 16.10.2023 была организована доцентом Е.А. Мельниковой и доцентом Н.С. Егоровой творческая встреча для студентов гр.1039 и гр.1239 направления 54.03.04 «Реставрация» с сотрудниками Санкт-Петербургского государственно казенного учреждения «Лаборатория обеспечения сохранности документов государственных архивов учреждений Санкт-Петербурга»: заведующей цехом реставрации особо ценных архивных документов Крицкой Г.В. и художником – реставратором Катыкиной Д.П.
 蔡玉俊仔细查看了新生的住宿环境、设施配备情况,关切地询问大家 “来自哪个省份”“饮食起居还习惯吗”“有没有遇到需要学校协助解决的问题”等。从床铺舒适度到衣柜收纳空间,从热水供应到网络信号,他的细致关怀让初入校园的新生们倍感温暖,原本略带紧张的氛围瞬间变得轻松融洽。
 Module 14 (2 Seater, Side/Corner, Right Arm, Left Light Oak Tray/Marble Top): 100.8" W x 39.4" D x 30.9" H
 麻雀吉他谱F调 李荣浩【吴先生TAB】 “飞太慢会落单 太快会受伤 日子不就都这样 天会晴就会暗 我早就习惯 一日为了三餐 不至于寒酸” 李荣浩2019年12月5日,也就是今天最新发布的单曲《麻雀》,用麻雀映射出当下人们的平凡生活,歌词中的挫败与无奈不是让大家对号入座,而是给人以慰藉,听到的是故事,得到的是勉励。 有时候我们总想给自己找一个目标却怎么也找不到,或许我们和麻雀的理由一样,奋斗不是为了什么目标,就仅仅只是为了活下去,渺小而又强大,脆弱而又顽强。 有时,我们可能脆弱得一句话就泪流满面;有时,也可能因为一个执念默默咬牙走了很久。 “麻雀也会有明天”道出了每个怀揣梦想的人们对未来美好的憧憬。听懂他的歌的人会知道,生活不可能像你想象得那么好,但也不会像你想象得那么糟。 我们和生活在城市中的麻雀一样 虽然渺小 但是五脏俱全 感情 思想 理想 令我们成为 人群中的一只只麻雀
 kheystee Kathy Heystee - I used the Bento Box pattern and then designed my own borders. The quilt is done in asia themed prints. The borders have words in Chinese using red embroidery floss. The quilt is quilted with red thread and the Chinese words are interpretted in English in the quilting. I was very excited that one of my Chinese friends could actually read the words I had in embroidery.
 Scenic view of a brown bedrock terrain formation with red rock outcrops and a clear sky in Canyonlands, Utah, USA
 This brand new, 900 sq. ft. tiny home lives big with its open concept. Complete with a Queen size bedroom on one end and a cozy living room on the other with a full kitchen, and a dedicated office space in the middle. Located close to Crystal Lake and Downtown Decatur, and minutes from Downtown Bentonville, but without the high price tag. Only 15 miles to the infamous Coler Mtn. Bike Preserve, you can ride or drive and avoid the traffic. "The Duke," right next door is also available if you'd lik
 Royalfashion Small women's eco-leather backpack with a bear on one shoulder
----
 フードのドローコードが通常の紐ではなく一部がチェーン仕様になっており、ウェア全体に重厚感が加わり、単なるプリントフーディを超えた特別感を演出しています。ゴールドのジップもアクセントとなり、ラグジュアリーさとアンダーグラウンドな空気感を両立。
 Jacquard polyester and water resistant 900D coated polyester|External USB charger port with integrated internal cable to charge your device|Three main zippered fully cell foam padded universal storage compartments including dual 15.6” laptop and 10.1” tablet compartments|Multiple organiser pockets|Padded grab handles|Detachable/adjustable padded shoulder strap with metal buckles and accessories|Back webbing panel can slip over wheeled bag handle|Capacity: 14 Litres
----
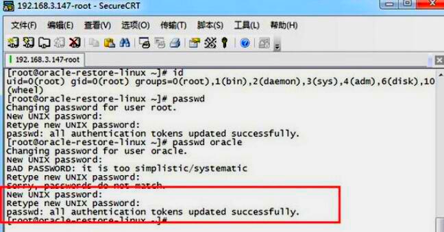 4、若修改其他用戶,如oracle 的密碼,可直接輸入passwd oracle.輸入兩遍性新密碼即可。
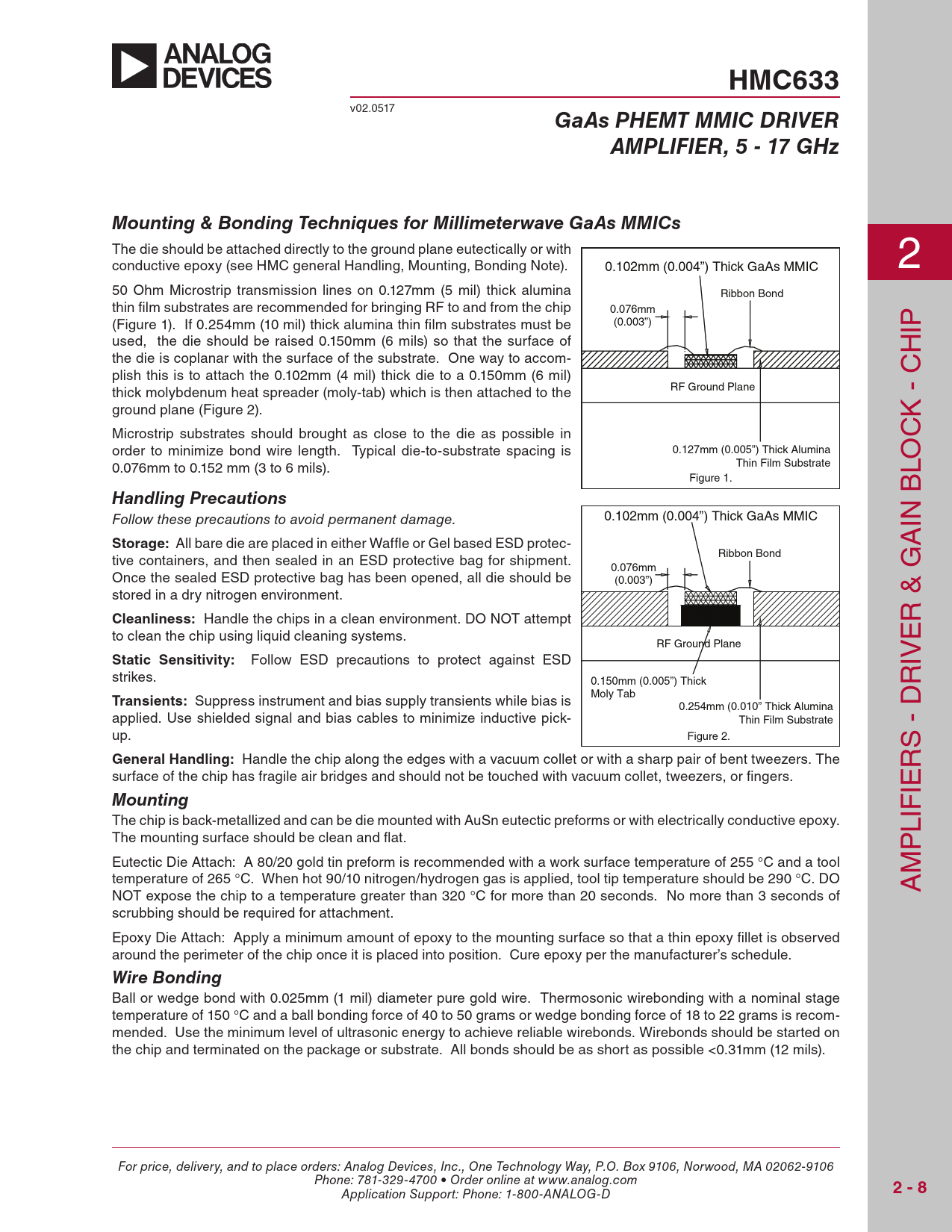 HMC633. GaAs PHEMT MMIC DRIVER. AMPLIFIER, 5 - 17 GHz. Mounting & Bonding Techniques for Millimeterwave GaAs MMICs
----
— PROBLEM REQUIREMENTS —
Say how many lines in the entries include the string "shoulder", and write nothing besides that number.

— EXERCISE RESPONSE —
2